Arya News - Venezuelan opposition leader María Corina Machado said Friday that she is focused on an orderly transition of power in her country should President Nicolás Maduro leave power and that she is confident Venezuela’s police and armed forces would not oppose such a transition.
Venezuelan opposition leader María Corina Machado said Friday that she is focused on an orderly transition of power in her country should President Nicolás Maduro leave power and that she is confident Venezuela’s police and armed forces would not oppose such a transition.
Speaking as the US government ramps up pressure on Venezuela’s authoritarian leader, Machado said the crisis in her home country is a key national security consideration for the United States.
“It has become very clear that the Venezuelan conflict is absolutely a priority in matters of national security for the United States and in matters of hemispheric security,” Machado told reporters in Oslo, Norway, where she collected her Nobel Peace Prize this week.
The US administration has been working on day-after plans in the event Maduro is ousted, according to senior administration officials. CNN has previously reported that there have been informal conversations inside the US administration regarding Machado and fellow opposition leader Edmundo Gonzalez leading a post-Maduro Venezuela.
“Maduro will leave power, whether it is negotiated or not negotiated,” Machado said Friday. “We are fundamentally focused on how we can ensure that it is an orderly, peaceful transition, where the results of the country’s reconstruction are felt as soon as possible by Venezuelans.”
“I am confident today that the vast majority of the Venezuelan armed forces and police, as soon as the transition begins, will obey orders, guidelines and instructions from superiors who will be appointed by the civil authority duly elected by Venezuelans,” she added.

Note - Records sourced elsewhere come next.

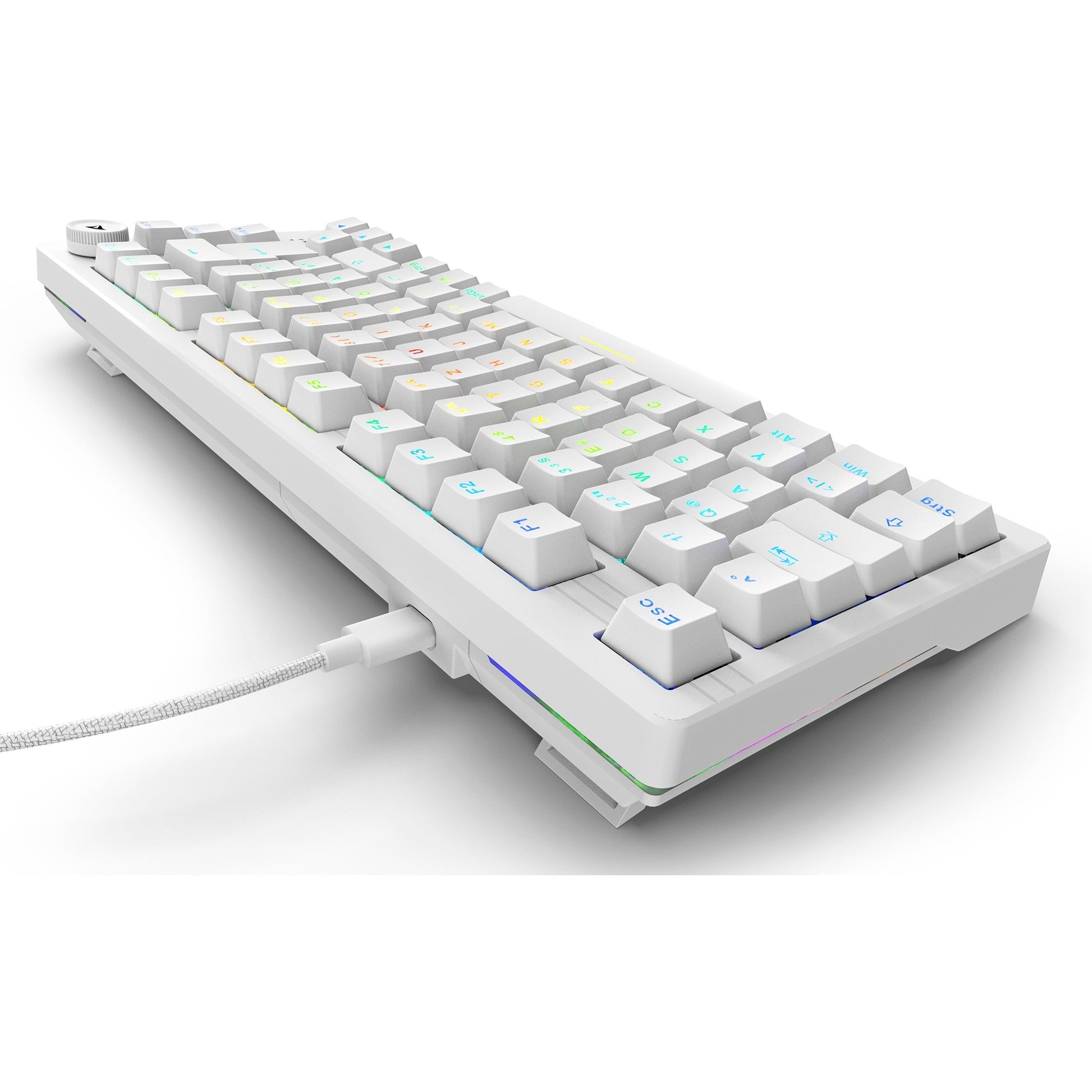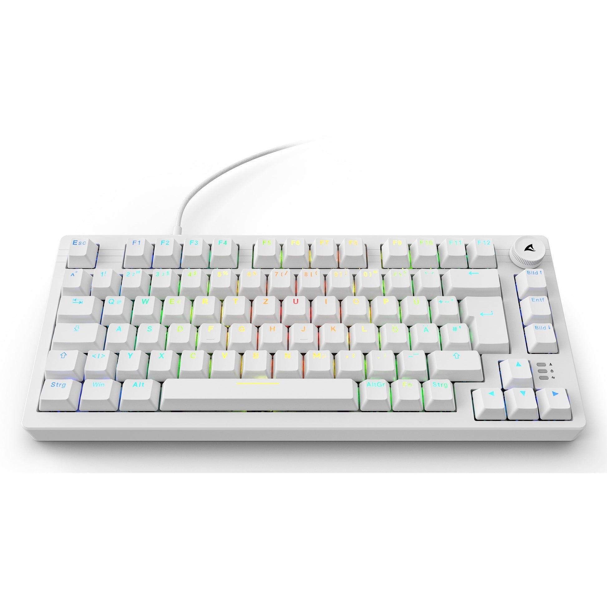 Mit ihrem stylischen 75-%-Layout und den anpassbaren Schaltern sowie der RGB-Beleuchtung macht die Sharkoon SKILLER SGK25 auf dem Schreibtisch und im Game jederzeit eine gute Figur. Dank des praktischen Drehreglers kann die Lautstärke des aktiven Games oder des laufenden Sprach-Chats schnell auf die individuellen Bedürfnisse angepasst werden. Für ein optimales Gaming-Erlebnis ist die SKILLER SGK25 bereits mit vorgeschmierten, roten Schaltern von Huano ausgestattet. Wer gerne andere Schalter je nach Geschmack, Genre und Einsatzzweck ausprobiert, kann jegliche Schalter mit 3 und 5 Pins mit der SKILLER SGK25 nutzen. Montagewerkzeuge sind bereits inklusive. Die beleuchtungsdurchlässigen Tastenkappen bestehen aus ABS, das für eine optimale Abriebfestigkeit mit der Double-Shot-Technologie hergestellt wurde. Die Beleuchtung der SKILLER SGK25 ist auch ohne Software ganz einfach an der Tastatur vollständig anpassbar.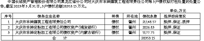 大庆市丰绅淀粉加工有限公司,截至2023年 3 月 31 日债权金额共计 2026.83万元,其中本金1022.10万元, 利息745.23 万元,孳生利息259.50万元,贷款方式为抵押、保证。保证人翟士伟、邢桂娟。抵押物为房产,面积4181.28平方米、土地使用权4310.8平方米,已办理房产、土地抵押登记。该项目位于大庆肇州,交通便利,易于变现。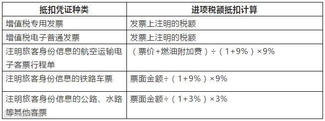 旅客运输抵扣凭证种类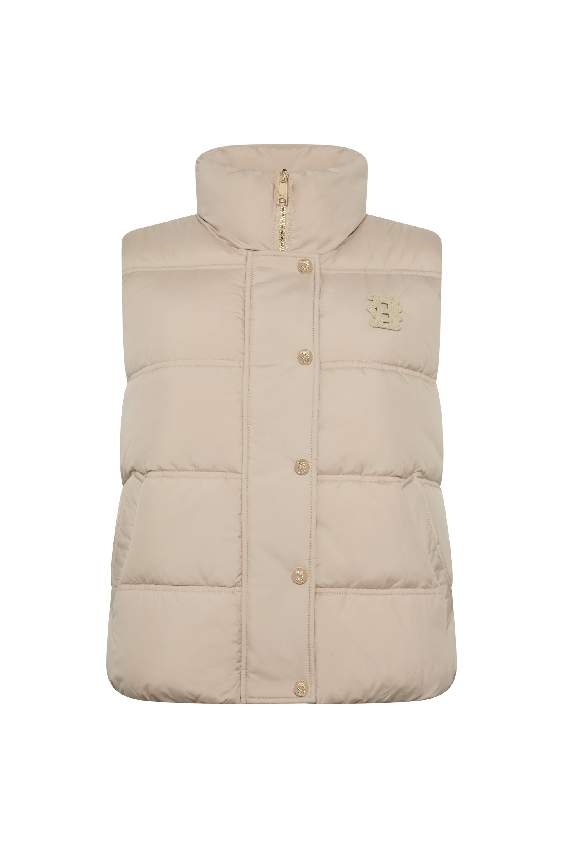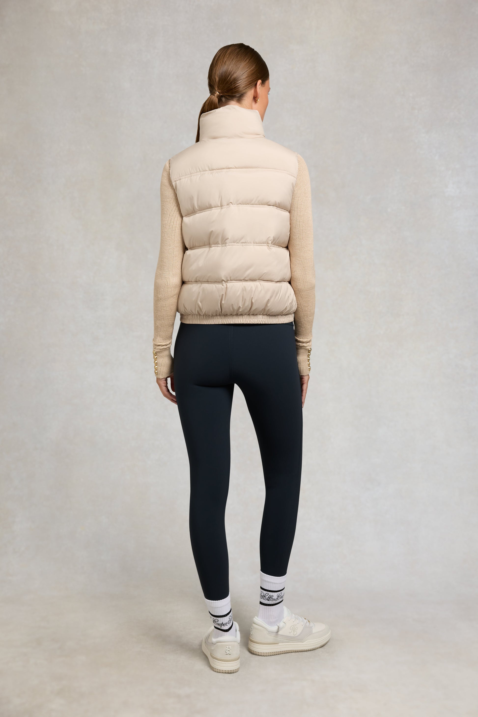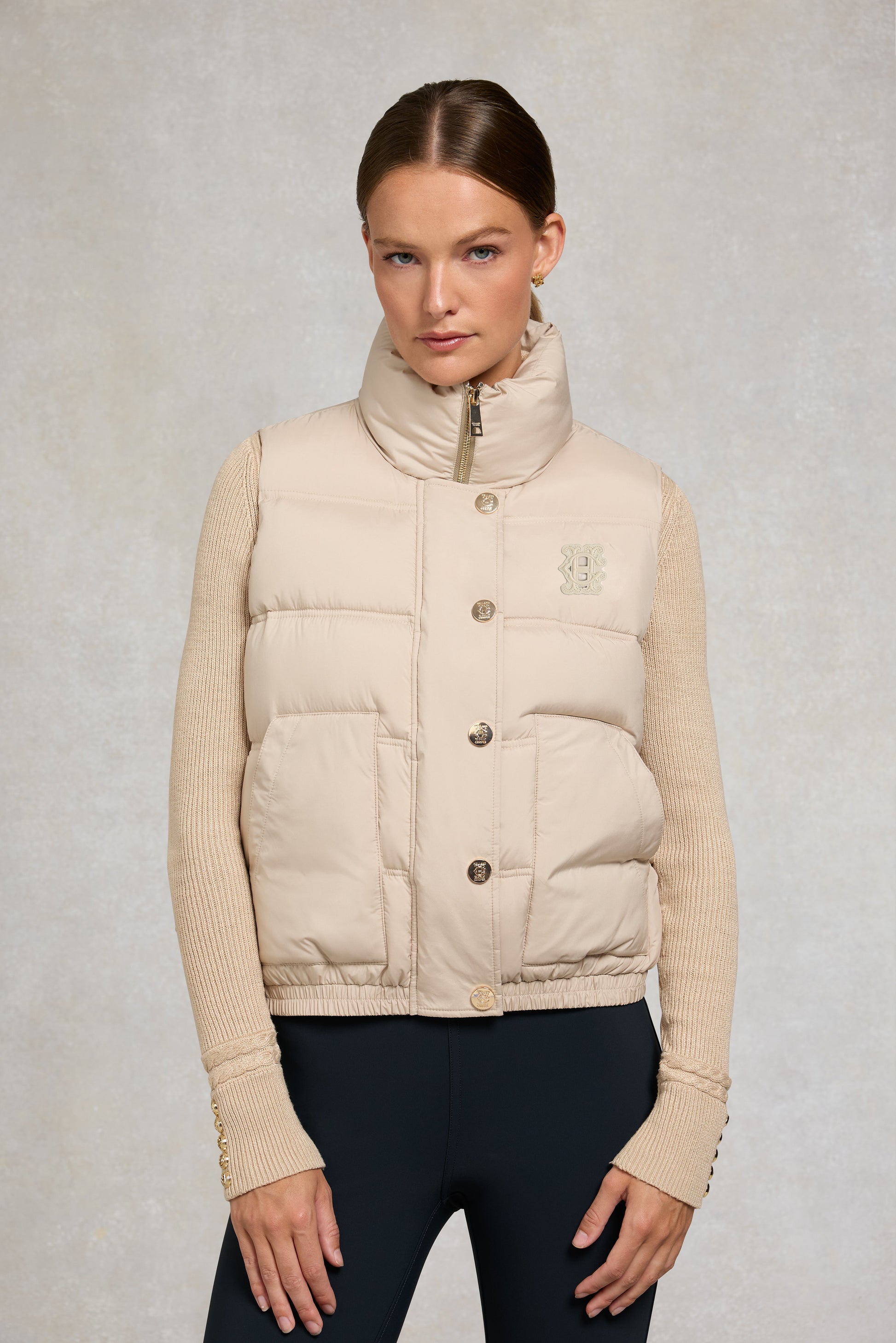 A true wardrobe essential. the Milton Padded Gilet brings simple country styling with modern practicality. Designed with double-stitched baffles for warmth. it features quarter-top patch pockets. a snap-down front placket. and subtle elastication at the hem and cuffs for a comfortable fit. Finished with our new faux leather applique badge to the chest. this versatile layer is perfect for transitional dressing. whether styled over knitwear or layered beneath a coat.

Asked what role she might play in the US administration’s plans, Machado told CNN: “Not only the American government, I think many other governments around the world are preparing for a democratic transition in Venezuela for several reasons. One is because they realize that the largest migration crisis in the world today is certainly Venezuelans that have been forced to flee.”

Venezuelan opposition leader María Corina Machado remains in Oslo, Norway, on Friday after collecting the Nobel peace prize this week. - Ole Berg-Rusten/NTB/AFP/Getty Images
“So, this will have impact in many countries, including the United States. I’m talking about hundreds of thousands of people that will come back home,” Machado said.
“And I will be where the Venezuelan people already mandated. We won an election by a landslide, and our president-elect has asked me to join the government as vice president. So I will accompany him in this new and challenging era that starts — or I would say that has already started,” she added.
The Nobel laureate lived in hiding in Venezuela for more than a year following Venezuela’s disputed 2024 presidential election, after which government-controlled electoral authorities declared Maduro the winner. She made a daring escape to pick up her peace prize in Oslo this week, arriving to cheering supporters hours after the ceremony finished.
Machado has confirmed that US government “support” helped her travel to Norway. On Friday, she also called out a lack of support from Spain, which has historic ties to the country.
“Regarding the Spanish government, I will simply say that history will judge — as the people of Venezuela do today — what has been lacking, which has certainly been lacking,” Machado emphasized. “But there have been other countries and other governments in Europe that have taken the lead in defending the people of Venezuela.”